Se inclinó hacia adelante, apoyando ambos brazos en la mesa redonda. La tensión en la sala se intensificó instantáneamente.
—Nos encontramos con quince miembros del Gremio Cerebus —continuó—. La emboscada salió según lo planeado, al menos al principio. Pero su fuerza… era mucho mayor de lo que anticipamos.
Siguió un pesado silencio.
—Hubo pérdidas —dijo finalmente Harvey—. En el lado del Gremio Oscuro y entre nuestros aliados. Desafortunadamente, el Mago de Guerra, así como el resto de tus hombres —miró hacia Alen y Varkos—, no lo lograron.
El aire abandonó la sala. Nadie habló durante varios segundos largos. La noticia era esperada, todos sabían que esta misión venía con riesgos, pero escucharla en voz alta seguía siendo como ser golpeado por una espada.
Alen bajó la cabeza, ojos fijos en la mesa. Él había sido quien convenció a esos soldados de unirse a ellos, de creer en su causa. Ahora, se habían ido.
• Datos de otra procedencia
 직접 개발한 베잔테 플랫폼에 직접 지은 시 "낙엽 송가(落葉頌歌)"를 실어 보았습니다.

La culpa presionaba su pecho como un peso que no podía sacudirse.
Varkos apretó los puños. —Mordain era un Mago de Guerra —dijo—. Incluso si el enemigo fue más fuerte de lo esperado, con él allí, y con toda tu fuerza presente, ¿estás diciendo que aún así fue asesinado?
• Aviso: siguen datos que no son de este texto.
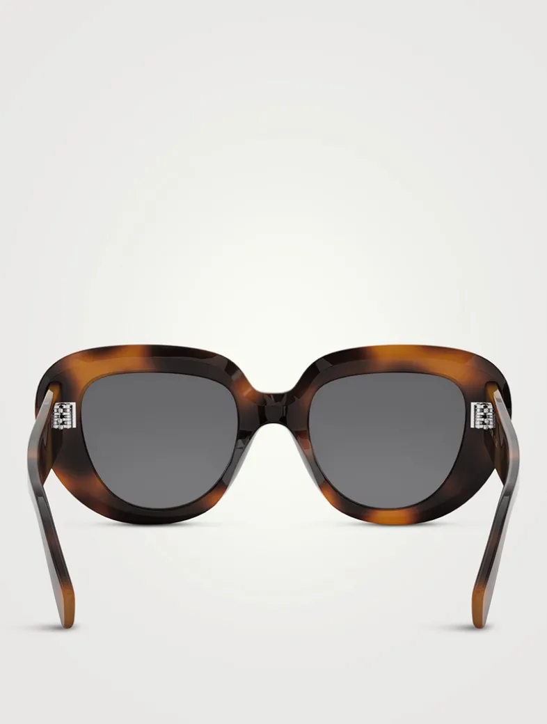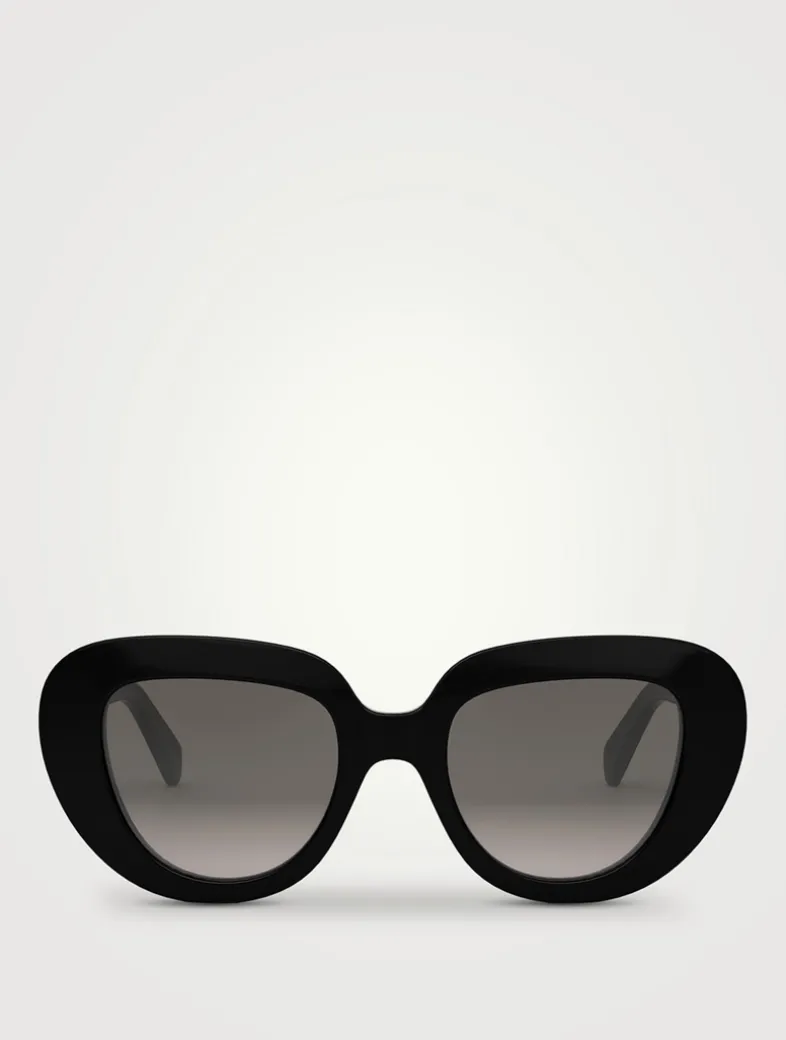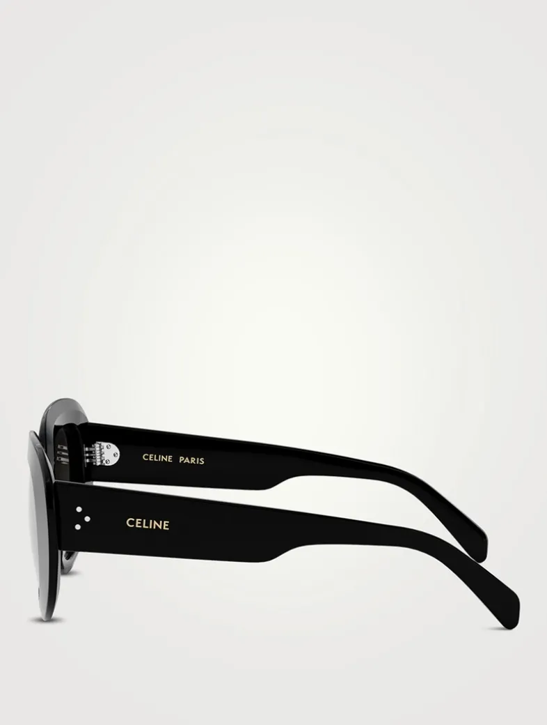 These oversized cat-eye sunglasses are finished with three dots, and CELINE underlacquered logo at both temples.
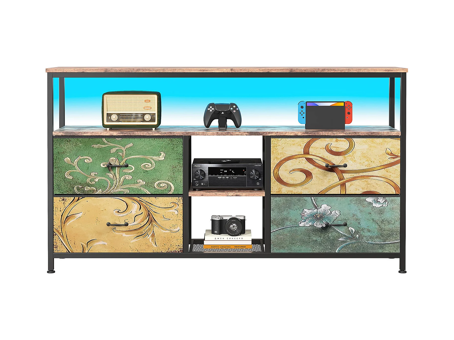 Meuble TV - 108x30x78cm - Éclairage LED - 4 Tiroirs PU Coloré - Métal noir et tissu coloré
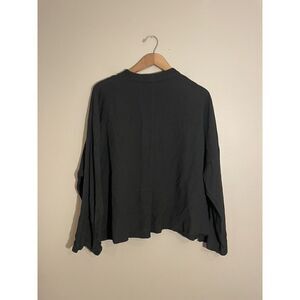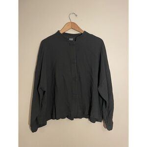 Eileen Fisher Mandarin Top Women’s Large Hidden Buttons Textured Boxy J699 Black
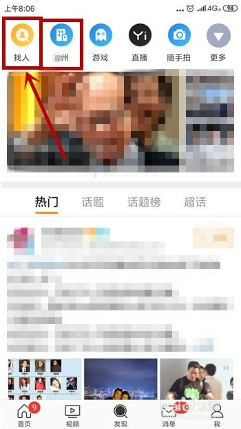 或者我们在发现界面中找到【找人】功能并点击,如图所示。

Los ojos de Harvey se dirigieron hacia él pero no vacilaron.
—No —interrumpió Alen antes de que Harvey pudiera responder—. Si los miembros del Gremio Cerebus eran algo como los que enfrentamos… entonces no es tan increíble.
Él y Beatrix luego se turnaron para relatar su experiencia, desde la infiltración en la instalación hasta los horrores que habían descubierto dentro. Describieron los experimentos, el poder que sus enemigos ejercían, y cómo toda la operación casi se había perdido, hasta que Beatrix intervino.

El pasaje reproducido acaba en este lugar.